Mixing his big-breaking 85.4-mph sweeper with a 93.1-mph cut-fastball, 96.4-mph four-seamer and 95.5-mph sinker, Phillips enters Friday with a 1-4 record and 2.47 ERA in 55 games in which he has struck out 60, walked 11 and allowed only 32 hits in 54⅔ innings.
He has converted 22 of 24 save opportunities and held hitters to a .169 average and .523 on-base-plus-slugging percentages, superb numbers but not quite as good as Phillips’ breakout 2022 season, when he went 7-3 with a 1.14 ERA in 64 games, struck out 77, walked 15 and held hitters to a .155 average and .430 OPS in 63 innings.
“I’m very confident,” Roberts said of Phillips’ ability to handle playoff pressure as a closer. “October is a crapshoot. There are players who have had experience and don’t perform well, and there’s players every year that don’t have experience — Jeremy Peña [Houston shortstop and 2022 World Series MVP] for one, Daniel Hudson — who go out there and perform. So I think for me, it’s just betting on the person, on the compete, on the preparation, and betting that the moment’s not gonna get too big for him.”
Phillips has hit a few rough patches. He suffered a blown save and a loss when he was tagged for three runs in the ninth inning of a 9-7 loss to Pittsburgh on July 4 and gave up two homers — a three-run shot to Juan Soto and a solo shot to Xander Bogaerts — in the ninth inning of Monday night’s 11-8 loss to the San Diego Padres.

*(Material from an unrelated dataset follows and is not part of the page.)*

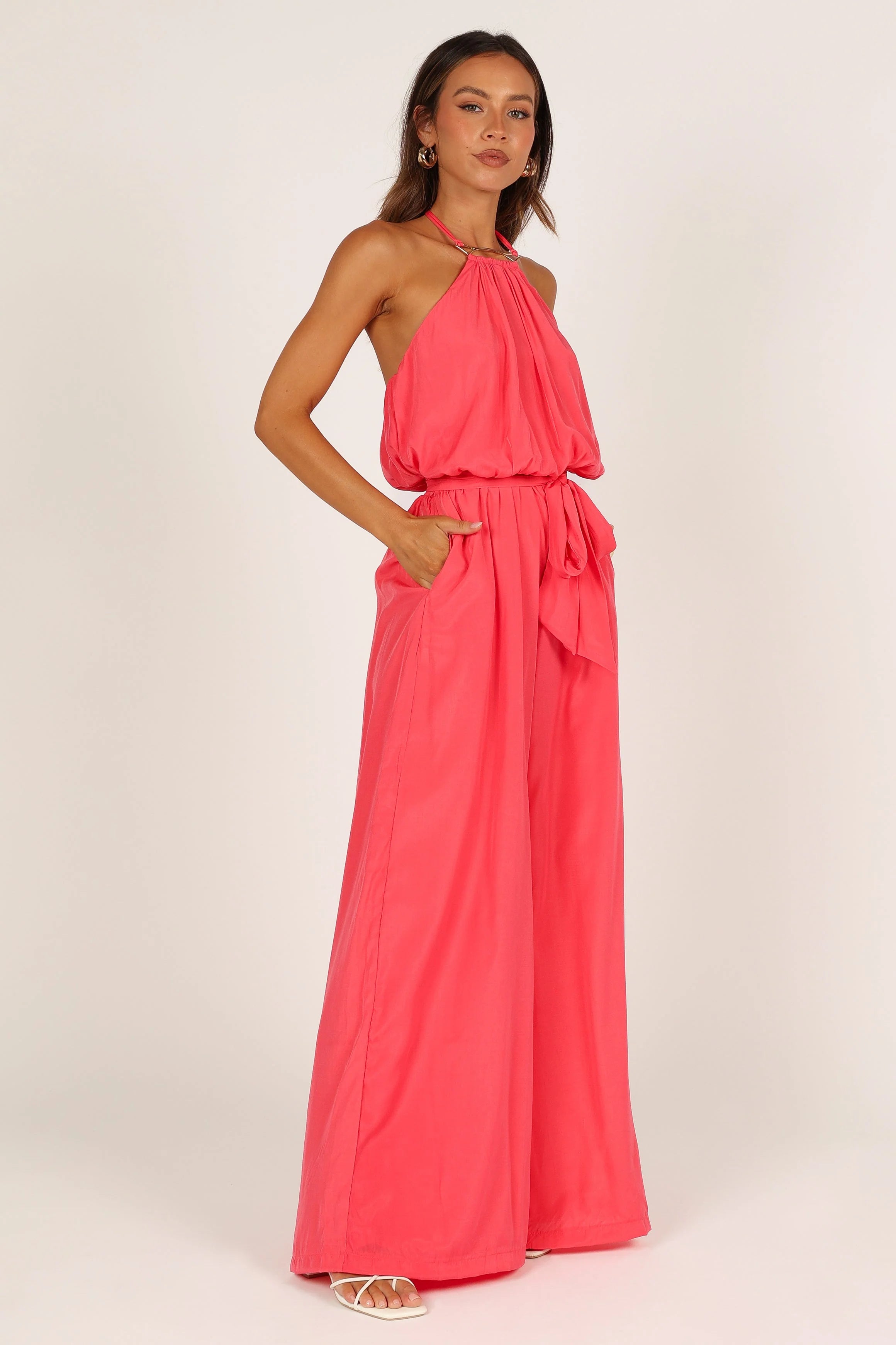 DETAILS Dazzle at your next party in this halter jumpsuit! With an eye-catching halter neckline, this jumpsuit features gold hardware details and a detachable waist tie to customize the look to fit your style.

He did not pitch in Tuesday night’s 11-2 win over the Padres or Wednesday night’s 6-1 loss, in which the Dodgers mustered only one hit, a bloop single, in six innings against NL Cy Young Award favorite Blake Snell.

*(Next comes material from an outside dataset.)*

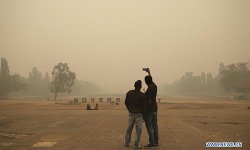 People pose for a selfie amid bushfire smoke near the Old Parliament House in Canberra, Australia, Jan. 5, 2020. Australia's bushfire crisis, which has seen more than 1,500 homes destroyed and at least 23 confirmed deaths according to The Australian newspaper, were expected to be exacerbated by catastrophic conditions forecast for Saturday. (Photo by Chu Chen/Xinhua)

Phillips is still learning how to control his adrenaline in high-stress moments and the nuances of pitching in situations where there is little to no margin for error.
“When the goal is to win the game, you probably operate just a touch differently than you would in the sixth, seventh or eighth inning, right?” Phillips said. “It’s understanding that if it’s a situation where you can pitch around a guy, if there’s an open base and the guy on deck is a better matchup, things like that. Those are some of the fine-tuned details that I’m learning in the moment on the mound.”
Hudson learned most of this on the fly in 2019, when he was acquired by the Nationals from Toronto in a trade-deadline deal and emerged as the team’s closer in September.
Hudson had only 17 regular-season saves in 10 big-league seasons when he was thrust into the ninth inning of the NL wild-card game against Milwaukee, entering after the Nationals rallied for three runs in the bottom of the eighth to turn a 3-1 deficit into a 4-3 lead.
His adrenaline-fueled fastball touching 98 mph and a frenzied Nationals Park crowd hanging on his every pitch, Hudson recorded his first playoff save, the start of a superb postseason in which he had a 3.72 ERA and four saves in nine games and struck out Jose Altuve and Michael Brantley for the final two outs of the World Series.
“I think that first game helped me because I was like, ‘You know, I can do this,’ and my confidence built from there,” Hudson said. “It’s difficult, because the situations are big, and every out is the most important out of the game to that point.
“But I think when Evan gets that first [playoff] save, assuming it goes well, which it normally does for him, he’ll get that same confidence. The only thing that can really help in those situations is experience and reps.”